(Data provided)
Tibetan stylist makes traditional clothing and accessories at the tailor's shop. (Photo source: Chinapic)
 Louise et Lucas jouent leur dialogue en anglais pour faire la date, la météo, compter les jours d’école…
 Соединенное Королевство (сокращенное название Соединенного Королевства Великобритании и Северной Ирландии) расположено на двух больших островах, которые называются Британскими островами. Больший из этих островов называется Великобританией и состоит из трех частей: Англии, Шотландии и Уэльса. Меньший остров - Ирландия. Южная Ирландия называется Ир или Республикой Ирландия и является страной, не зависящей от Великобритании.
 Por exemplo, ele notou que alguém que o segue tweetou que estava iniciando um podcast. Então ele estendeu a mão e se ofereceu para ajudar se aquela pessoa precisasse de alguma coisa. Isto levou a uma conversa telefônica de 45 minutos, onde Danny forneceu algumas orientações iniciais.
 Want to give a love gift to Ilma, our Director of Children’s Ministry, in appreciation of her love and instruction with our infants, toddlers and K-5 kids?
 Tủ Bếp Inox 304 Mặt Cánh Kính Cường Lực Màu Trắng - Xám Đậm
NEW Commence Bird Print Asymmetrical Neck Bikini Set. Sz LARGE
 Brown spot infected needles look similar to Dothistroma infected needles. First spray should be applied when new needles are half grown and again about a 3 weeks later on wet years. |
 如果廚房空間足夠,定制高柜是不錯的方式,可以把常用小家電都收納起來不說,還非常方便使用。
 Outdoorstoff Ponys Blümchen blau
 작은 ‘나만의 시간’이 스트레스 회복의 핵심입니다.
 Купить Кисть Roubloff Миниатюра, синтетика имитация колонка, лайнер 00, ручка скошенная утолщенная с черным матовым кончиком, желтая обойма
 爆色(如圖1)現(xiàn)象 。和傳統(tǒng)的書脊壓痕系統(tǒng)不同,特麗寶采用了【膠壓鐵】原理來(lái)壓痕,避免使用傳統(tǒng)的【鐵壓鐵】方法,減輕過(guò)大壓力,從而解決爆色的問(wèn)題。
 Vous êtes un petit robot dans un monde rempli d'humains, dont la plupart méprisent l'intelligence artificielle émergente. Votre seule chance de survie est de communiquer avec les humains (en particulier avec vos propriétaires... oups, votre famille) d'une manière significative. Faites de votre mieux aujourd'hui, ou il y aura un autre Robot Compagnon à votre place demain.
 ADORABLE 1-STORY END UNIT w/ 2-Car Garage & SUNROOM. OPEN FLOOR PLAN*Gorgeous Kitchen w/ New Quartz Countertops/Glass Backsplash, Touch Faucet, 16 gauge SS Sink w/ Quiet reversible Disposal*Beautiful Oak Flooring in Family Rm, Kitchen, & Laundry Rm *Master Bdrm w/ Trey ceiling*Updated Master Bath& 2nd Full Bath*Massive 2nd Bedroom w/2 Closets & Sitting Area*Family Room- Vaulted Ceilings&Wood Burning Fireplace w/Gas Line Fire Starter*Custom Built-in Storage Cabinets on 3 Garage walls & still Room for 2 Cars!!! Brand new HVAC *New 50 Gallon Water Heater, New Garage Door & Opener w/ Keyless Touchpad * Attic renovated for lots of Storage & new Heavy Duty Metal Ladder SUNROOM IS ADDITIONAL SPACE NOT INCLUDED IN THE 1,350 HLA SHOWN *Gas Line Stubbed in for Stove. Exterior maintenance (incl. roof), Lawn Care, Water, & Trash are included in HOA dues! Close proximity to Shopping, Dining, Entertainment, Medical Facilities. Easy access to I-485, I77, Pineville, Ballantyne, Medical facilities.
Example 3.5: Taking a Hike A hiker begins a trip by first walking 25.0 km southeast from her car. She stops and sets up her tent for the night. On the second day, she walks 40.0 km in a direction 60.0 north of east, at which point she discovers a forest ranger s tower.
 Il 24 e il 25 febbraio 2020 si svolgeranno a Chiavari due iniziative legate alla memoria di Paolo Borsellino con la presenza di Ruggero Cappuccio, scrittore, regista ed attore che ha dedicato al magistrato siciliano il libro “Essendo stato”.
(End Data provided)
Activity
What you return should match every line above exactly.

Answer space
Tibetan stylist makes traditional clothing and accessories at the tailor's shop. (Photo source: Chinapic)
 Louise et Lucas jouent leur dialogue en anglais pour faire la date, la météo, compter les jours d’école…
 Соединенное Королевство (сокращенное название Соединенного Королевства Великобритании и Северной Ирландии) расположено на двух больших островах, которые называются Британскими островами. Больший из этих островов называется Великобританией и состоит из трех частей: Англии, Шотландии и Уэльса. Меньший остров - Ирландия. Южная Ирландия называется Ир или Республикой Ирландия и является страной, не зависящей от Великобритании.
 Por exemplo, ele notou que alguém que o segue tweetou que estava iniciando um podcast. Então ele estendeu a mão e se ofereceu para ajudar se aquela pessoa precisasse de alguma coisa. Isto levou a uma conversa telefônica de 45 minutos, onde Danny forneceu algumas orientações iniciais.
 Want to give a love gift to Ilma, our Director of Children’s Ministry, in appreciation of her love and instruction with our infants, toddlers and K-5 kids?
 Tủ Bếp Inox 304 Mặt Cánh Kính Cường Lực Màu Trắng - Xám Đậm
NEW Commence Bird Print Asymmetrical Neck Bikini Set. Sz LARGE
 Brown spot infected needles look similar to Dothistroma infected needles. First spray should be applied when new needles are half grown and again about a 3 weeks later on wet years. |
 如果廚房空間足夠,定制高柜是不錯的方式,可以把常用小家電都收納起來不說,還非常方便使用。
 Outdoorstoff Ponys Blümchen blau
 작은 ‘나만의 시간’이 스트레스 회복의 핵심입니다.
 Купить Кисть Roubloff Миниатюра, синтетика имитация колонка, лайнер 00, ручка скошенная утолщенная с черным матовым кончиком, желтая обойма
 爆色(如圖1)現(xiàn)象 。和傳統(tǒng)的書脊壓痕系統(tǒng)不同,特麗寶采用了【膠壓鐵】原理來(lái)壓痕,避免使用傳統(tǒng)的【鐵壓鐵】方法,減輕過(guò)大壓力,從而解決爆色的問(wèn)題。
 Vous êtes un petit robot dans un monde rempli d'humains, dont la plupart méprisent l'intelligence artificielle émergente. Votre seule chance de survie est de communiquer avec les humains (en particulier avec vos propriétaires... oups, votre famille) d'une manière significative. Faites de votre mieux aujourd'hui, ou il y aura un autre Robot Compagnon à votre place demain.
 ADORABLE 1-STORY END UNIT w/ 2-Car Garage & SUNROOM. OPEN FLOOR PLAN*Gorgeous Kitchen w/ New Quartz Countertops/Glass Backsplash, Touch Faucet, 16 gauge SS Sink w/ Quiet reversible Disposal*Beautiful Oak Flooring in Family Rm, Kitchen, & Laundry Rm *Master Bdrm w/ Trey ceiling*Updated Master Bath& 2nd Full Bath*Massive 2nd Bedroom w/2 Closets & Sitting Area*Family Room- Vaulted Ceilings&Wood Burning Fireplace w/Gas Line Fire Starter*Custom Built-in Storage Cabinets on 3 Garage walls & still Room for 2 Cars!!! Brand new HVAC *New 50 Gallon Water Heater, New Garage Door & Opener w/ Keyless Touchpad * Attic renovated for lots of Storage & new Heavy Duty Metal Ladder SUNROOM IS ADDITIONAL SPACE NOT INCLUDED IN THE 1,350 HLA SHOWN *Gas Line Stubbed in for Stove. Exterior maintenance (incl. roof), Lawn Care, Water, & Trash are included in HOA dues! Close proximity to Shopping, Dining, Entertainment, Medical Facilities. Easy access to I-485, I77, Pineville, Ballantyne, Medical facilities.
Example 3.5: Taking a Hike A hiker begins a trip by first walking 25.0 km southeast from her car. She stops and sets up her tent for the night. On the second day, she walks 40.0 km in a direction 60.0 north of east, at which point she discovers a forest ranger s tower.
 Il 24 e il 25 febbraio 2020 si svolgeranno a Chiavari due iniziative legate alla memoria di Paolo Borsellino con la presenza di Ruggero Cappuccio, scrittore, regista ed attore che ha dedicato al magistrato siciliano il libro “Essendo stato”.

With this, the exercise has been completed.